Journalism Course Description
Students will learn the essential skills of researching, reporting, editing, and publishing. They will produce high-quality features and personal essays for school, contests, and freelance blogs, newspapers, newsletters and magazines as they explore careers in writing. The class will emphasize the art of storytelling, human interest, and analysis through profiles, criticism, and narrative writing. Assignments will include interviews, reports and critiques on music, art, food, drama, movies, sports, fashion and travel. Quality work will be published in the ASM newsletter. Students are responsible for all content on the class blog: Two Teens in Morocco.
Grade Scale
97-100 A+
94-96 A
90-93 A-
87-89 B+
84-86 B
80-83 B-
77-79 C+
74-76 C
70-73 C-
67-69 D+
64-66 D
60-63 D-
0-59 F
Attendance and Tardy Policy
Students must be present to do well. At the university level, many departments/professors have policies stating if a student misses a certain number of days (usually 5 per semester excused or unexcused), he/she will automatically fail the course. In my class, if a student is absent or late to class and does not have an excused note, he/she will not be allowed to make up any work/test missed.
Late or Make-Up Work
If you have an excused absence, turn in your note from a parent the day you return with homework. Reading checks must be made up at the beginning of the first day students return to class.
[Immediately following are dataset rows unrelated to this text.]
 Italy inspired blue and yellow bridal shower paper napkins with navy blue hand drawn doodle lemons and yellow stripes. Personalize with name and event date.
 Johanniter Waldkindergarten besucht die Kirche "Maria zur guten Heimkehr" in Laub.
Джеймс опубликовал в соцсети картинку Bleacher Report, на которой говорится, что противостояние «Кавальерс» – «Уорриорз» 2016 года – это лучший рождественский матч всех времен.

In class essays and tests missed due to excused absences must be made up before the last day of the course. Extra credit is due by the last day of the course as well. Late homework (less than 100 pts) is not accepted but late major essays are. (See below.)
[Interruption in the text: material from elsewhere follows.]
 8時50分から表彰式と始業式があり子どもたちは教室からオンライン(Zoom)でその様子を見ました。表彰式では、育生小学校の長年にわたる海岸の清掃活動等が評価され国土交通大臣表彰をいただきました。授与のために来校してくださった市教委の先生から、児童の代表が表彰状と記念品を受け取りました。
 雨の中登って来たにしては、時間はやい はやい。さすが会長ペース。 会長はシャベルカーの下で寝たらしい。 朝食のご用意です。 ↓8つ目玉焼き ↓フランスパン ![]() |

If you are unable to attend class the day an essay (or other major assignment worth more than 100 pts) is due, email it to meand submit to TurnItIn.com. Essays are lowered one letter grade for each day they are late. Out of class essays must be submitted to turnitin.com by midnight of the day the hard copy is due to me. The penalty for not doing so is one letter grade for every day it is not submitted. This will be enforced. If a paper is never submitted to turnitin.com, it will receive a failing grade. (I highly recommend that you submit papers earlier than the deadline. That way, you’ll have time to correct any areas of unintentional plagiarism turnitin.com finds.)
Academic Integrity Policy
Students must be sure (even with group projects and partner assignments) that all submitted assignments, projects (seminars, presentations, etc), and essays comply with the expectation that their work is fully their own. When told to use critical articles as research, Spark Notes and resources like them are not acceptable academic resources. They should not be cited or used. Reading Spark Notes with the text can be helpful with more complicated works but should be avoided as much as possible since such aides are not permitted on SAT and AP tests. Students should avoid reading the analysis sections of Spark Notes since those ideas can creep into students’ papers and, without citation, become plagiarism. Should a student not understand/have questions about a reading assignment, he/she should seek help from me before or after school, during recess or lunch, etc. Our goal is for you to become independent critical thinkers and writers, and I will help you get there.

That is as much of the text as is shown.